In most but not all formats, the count somewhat counter-intuitively follows the array pointer.
Data type of sub-structs
A quick way to determine the data type of sub-structs is looking at the stack log.
- Are there any pointers in the sub-struct? → it must be a struct too
- Is its length not divisible by 8? → it is most likely a ZString
Finding rare pointers
You can easily miss out on conditional pointers if you don't look at all files of a format in the stack log, as null pointers don't necessarily appear in the stack log.
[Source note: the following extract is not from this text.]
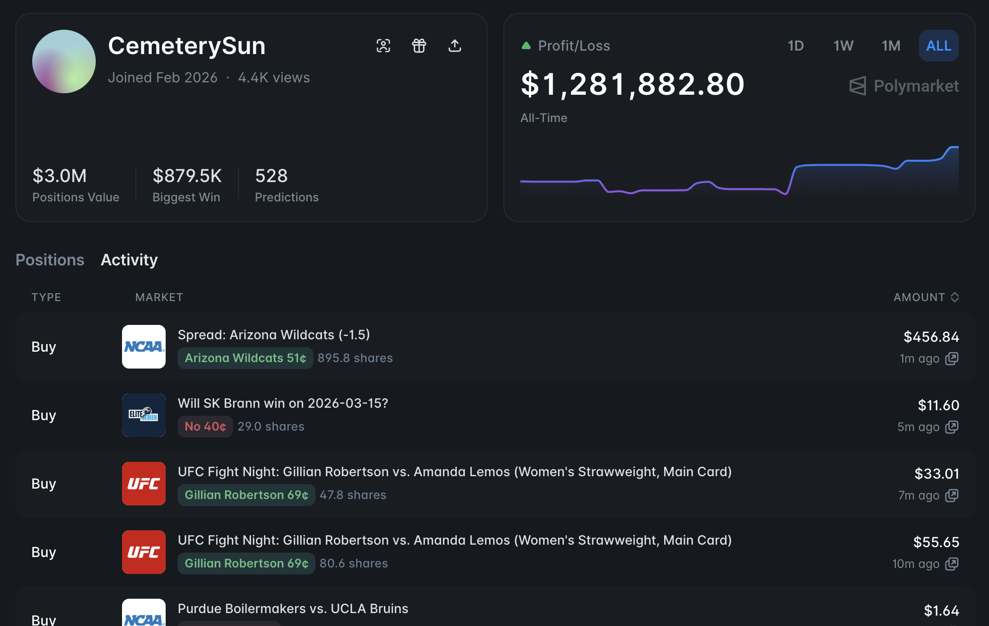 Check the track record first. A large position from a wallet with a verified history of 65%+ win rates across 200 or more settled markets is a meaningful signal. A large position from a wallet that got lucky once on a single outcome is not. The on-chain record tells you which is which. Look at win rate, consistency across time periods, and whether their edge is concentrated in specific market categories.

Once you have defined and implemented a preliminary struct, open an OVL containing your format with Debug Mode
turned on. All instances of the struct are then checked for pointers missing from the XML specification and you will receive warnings in the console if any are found.
Naming arrays and counts
If you follow naming conventions for arrays and counts, the count is automatically hidden from the XML on extraction and calculated on injection. Consider the following examples:
- dependencies, dependency_count
- dependencies, dependencies_count
- dependencies, num_dependencies
Homogeneous data with no obvious pattern
Assuming you have identified the data type already: Modify data, put ingame, observe changes to identify the meaning of the data.
Comparing to original
Once you have a suitable XML description, extract your file and inject it back into the ovl. If it injected successfully, select the file in the GUI and click Utils > Compare, then select the OVL that contains the original file. If there are differences, you will find warnings in the log. If the injected file is identical to the original, the log will tell you so. You then have a working description of your format, at least for that particular file.